Les dernières années ont vu également le mouvement des sociétés de rédacteurs se tourner vers l'approche déontologique. Tout se passe comme si faute d'avoir pu prendre une place significative au sein du capital (hormis le cas du Monde), faute d'avoir pu obtenir une reconnaissance par voie législative dans la direction éditoriale, ces sociétés de rédacteurs investissaient progressivement, souvent au coup par coup, le terrain de la déontologie, face à une logique des directions, ou des propriétaires dénoncée comme essentiellement gestionnaire ou mercantile. Tel est en tout cas le tour pris par l'action des sociétés de rédacteurs dans l'audiovisuel public (France 2, Radio France, etc.).
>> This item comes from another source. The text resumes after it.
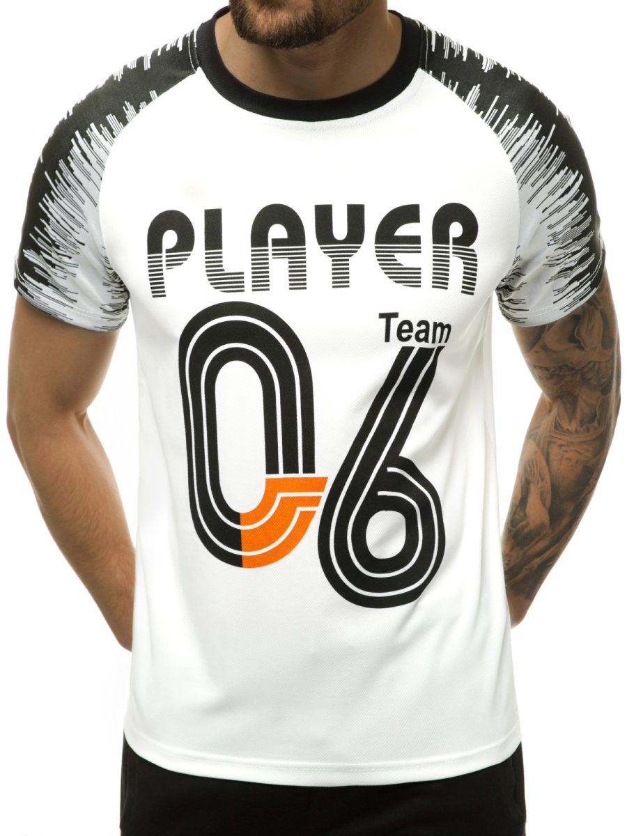 - Pánské tričko má: Potisk vpředu a na rukávech, Kulatý výstřih do U pod krkem

Le phénomène pourrait bien être symptomatique, marquant l'inscription de l'approche déontologique et éthique dans le cadre des entreprises.
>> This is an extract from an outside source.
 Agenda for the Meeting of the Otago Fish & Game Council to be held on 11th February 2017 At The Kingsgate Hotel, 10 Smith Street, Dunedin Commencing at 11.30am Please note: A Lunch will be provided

AUTOREGULATION PAR LA PROFESSION OU PAR LES ENTREPRISES ?

Il est possible sous forme de question et en guise de conclusion - provisoire - de s'interroger sur ce qui pourrait bien se lire comme l'échec de la prétention de la profession à affirmer sa capacité à s'autoréguler : absence de charte réellement reconnue par tous, absence d'autorité de la profession, de « bidule » comme le disait Roland Cayrol, dans un débat récent33, retrait progressif des instances d'une formation qui concerne une minorité de journalistes, stagnation des démarches critiques... Et si ce mouvement ď autorégulation était en train de s'affirmer dans le cadre des entreprises : multiplication des chartes, création de comités de rédaction, mise en place de médiateurs, évocation d'une instance de recours par l'association Presse- Liberté34. Face à l'impuissance de la profession s'affirmerait désormais la vieille prétention des entreprises, de leurs dirigeants, des organisations de branches à prendre en main leur autorégulation, ayant compris qu'il y va de leur crédibilité face au public dans un contexte devenu extrêmement concurrentiel.

33. Les rencontres de Pétrarque, organisées par France Culture et Le Monde, du 15 au 18 juillet 1999. 34. Evoquée lors du colloque du 15 avril, de cette association, largement sous-tendue par la presse magazine et singulièrement le groupe Hachette.